Demon Maiden Zakuro
Recenzja
Próba zabicia Zakuro przez rozwścieczoną pajęczycę Rangui nie powodzi się, a co więcej, dziewczynie udaje się wydostać z zamknięcia i uciec. Niestety, nadal przebywa na terenie Pałacu. Ku swojemu zaskoczeniu odkrywa, że w jednym z pomieszczeń znajduje się ktoś, kto pomoże jej odkryć tajemnicę jej pochodzenia – i zabiera ją w podróż w przeszłość. Tymczasem przyjaciele Zakuro, kierując się wskazówkami Kushimatsu, zmierzają wprost do Pałacu…

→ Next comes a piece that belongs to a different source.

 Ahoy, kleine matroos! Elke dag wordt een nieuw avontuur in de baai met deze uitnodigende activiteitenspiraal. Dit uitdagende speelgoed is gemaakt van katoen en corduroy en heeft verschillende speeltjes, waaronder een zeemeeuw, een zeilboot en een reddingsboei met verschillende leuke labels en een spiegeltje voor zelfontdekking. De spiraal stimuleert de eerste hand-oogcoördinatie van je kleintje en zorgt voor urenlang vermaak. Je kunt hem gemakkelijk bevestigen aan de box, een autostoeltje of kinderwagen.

Piąty tom Demon Maiden Zakuro rozwiewa w końcu tajemnicę pochodzenia Zakuro oraz jej powiązania z aktualnym władcą Pałacu – Omodaką. Dowiadujemy się z niego, kim była Tsukuhame – matka Zakuro, i wskutek jakich wydarzeń dziewczynka trafiła pod opiekę Kushimatsu. Rzucone zostaje także nowe światło na wzajemne stosunki demonian i ludzi – krótko mówiąc, ludzie się demonian boją, a demonianie ludźmi pogardzają. Nic dziwnego, że dzieci narodzone z mieszanych związków – czyli półdemony – stoją na najniższym stopniu drabiny społecznej i przez obie strony są traktowane równie pogardliwie. Dlatego dziewczęta, mimo iż znajdują się pod opieką Kushimatsu i Ministerstwa, tę pogardę nadal odczuwają.

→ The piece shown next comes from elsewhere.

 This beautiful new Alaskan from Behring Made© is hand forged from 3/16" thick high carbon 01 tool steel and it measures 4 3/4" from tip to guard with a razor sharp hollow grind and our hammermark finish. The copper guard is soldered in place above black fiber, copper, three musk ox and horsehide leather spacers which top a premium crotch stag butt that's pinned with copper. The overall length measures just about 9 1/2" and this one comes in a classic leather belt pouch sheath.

Tomik obejmuje kolejne siedem rozdziałów mangi, od 30 do 36. Na początku jak zwykle znajdziemy spis treści oraz krótkie przedstawienie bohaterów i założeń świata, a także streszczenie dotychczasowych wydarzeń. Kolejne rozdziały otwierają całostronicowe ilustracje narysowane delikatną kreską – wyjątkiem jest rozdział 32, gdzie ilustracja zajmuje dwie strony i jest narysowana w bardziej zdecydowanym stylu, tak jakby była to przerobiona na skalę szarości wersja kolorowego obrazka. Z tyłu tomiku znajdziemy dział „Przedstawienie postaci”, w którym autorka prezentuje szkice bohaterów wprowadzonych w tym i w poprzednim tomie (czyli głównie mieszkańców Pałacu – Omodaki, służek, rodziców Zakuro), wraz z nielicznymi opisami detali typu „gdzie dana postać ma tatuaże” czy też „w strój z jakiej ery/epoki jest ubrana”. Na kolorowej obwolucie mangi umieszczono obrazek przedstawiający Susukihotaru i Rikena i taki sam, tylko przycięty w pionie, znajduje się na monochromatycznej okładce tomiku.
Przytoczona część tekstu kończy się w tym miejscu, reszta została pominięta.